While geopolitical observers continue to debate Moscow's position vis-a-vis NATO since the end of the Cold War, former Soviet leader Mikhail Gorbachev has commented on the oft-made suggestion that he 'surrendered' Eastern Europe to Russia's geopolitical adversaries in the late 1980s, saying that his administration’s reaction to the Eastern European revolutions of 1989 was based on his doctrine of ‘new thinking’.
“We could not deny our neighbours and our friends the rights and freedoms that people already enjoyed in the USSR,” Gorbachev said, speaking to Le Figaro.
“We did not interfere in their internal affairs. And when I am criticized for ‘giving away Eastern Europe’, I respond: To whom did I give it away? Poland to the Poles, Hungary to the Hungarians, Czechoslovakia to the Czechs and Slovaks,” Gorbachev stressed.
Recalling the moment when he learned that the Berlin Wall had been breached in November 1989, Gorbachev noted that while the first information he received “did not give a complete idea of what was happening, it was obvious that something very interesting was going on, and that it would have very serious consequences.”
“But it was not unexpected,” he added.
According to Gorbachev, he and the rest of the Politburo had come to a unanimous decision at the time that there could be no question of the 300,000+ Soviet troops stationed in Germany from intervening in the process in any way, and these troops were ordered to remain in their barracks.
Moscow’s central goal was to make sure “that these events evolve peacefully and, at the same time, to ensure that the interests of our country and European security are taken into account,” Gorbachev said.
Revolutions of 1989
Between June and December 1989, every single one of the USSR’s erstwhile allies in Eastern Europe, including Poland, Hungary, Czechoslovakia, Bulgaria and Romania, as well as East Germany, experienced political revolutions which led to the ouster of their hardline communist leaders and the their replacement, in most cases, with reformers seeking to orient their countries toward Western Europe and the United States. This process was completed in October 1990, when East Germany reunified with the Federal Republic of Germany.
In the years leading up to these revolutions, Gorbachev actively encouraged the USSR’s allies to begin perestroika-style political and economic reforms, with most of the Eastern Bloc’s leaders cautiously refusing Moscow’s lead. In some cases, including Hungary and Bulgaria, Gorbachev supported the elevation of liberal reformers to positions of leadership, while in others, he supported revolutions against them directly, as in the case of Romania.
Following the success of the anti-communist revolutions, the countries of Eastern Europe moved to leave the Moscow-led Comecon economic bloc and the Warsaw Pact security alliance, with both organisations dissolved in mid-1991, less than half a year before the USSR itself collapsed.

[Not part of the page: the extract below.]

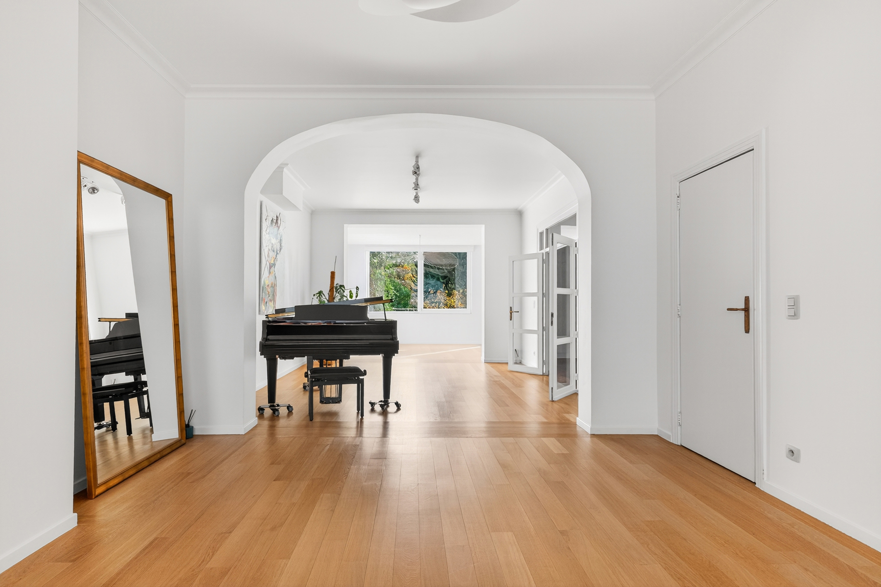 Ideally located on the prestigious Avenue Montjoie, just a stone’s throw from the Bois de la Cambre and quality shops, Victoire Junot presents this magnificent town house that charms with its authentic character and modern comfort. Built on a plot of approximately 640 m² and boasting nearly ten metres of frontage, it offers close to 550 m² of living space. The volumes are generous, filled with light, and the period features have been carefully preserved during an elegant and timeless renovation. The house provides an ideal living environment for a family, with spacious reception rooms of ± 70 m² opening onto a terrace overlooking the greenery, a large fully equipped kitchen with a breakfast area, as well as a sculptural staircase. It also includes seven bedrooms, including a superb master suite of ± 50 m² with its private terrace of ± 15 m², a large study, three bathrooms, and two dressing rooms. A beautiful multipurpose space of ± 40 m², with direct access to a large terrace and the garden, completes the property (family room, TV lounge, etc.). The magnificent south-facing garden, bordered by a Natura 2000 zone, offers a true haven of peace. Garage, laundry room, large cellars, and compliant electrical installation. An exceptional property combining refinement, comfort, and serenity close to all amenities. Energy performance: PEB D – Ready to move in.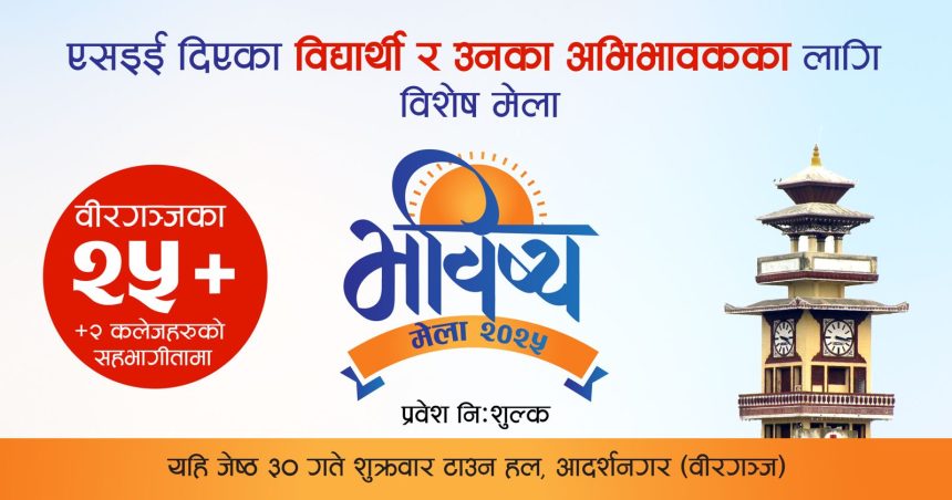 पर्सा, – जेठ – २५ ।अञ्जली गुप्ता – बारा, रौतहट र आसपासका क्षेत्रका माध्यमिक शिक्षा परीक्षा (एसइई) को परीक्षा दिएका विद्यार्थी र तिनका परिवारलाई लक्षित गरी वीरगञ्जमा ‘भविष्य मेला २०२५’ को आयोजना हुने भएको छ ।

While praised abroad for his efforts to end the Cold War and the dangerous arms race, at home Gorbachev has been criticised for a variety of reasons, including his failure to receive a written guarantee from NATO not to expand east of Germany following the country’s unification in 1990. Despite the end of the Cold War and the disappearance of the ‘Soviet threat’, the United States did not withdraw from its bases in Western Europe. Furthermore, between 1999 and 2004, every single member of the former Warsaw Pact, as well as the former Baltic republics of the USSR itself and several republics of the former Yugoslavia, joined NATO, to Moscow’s concern.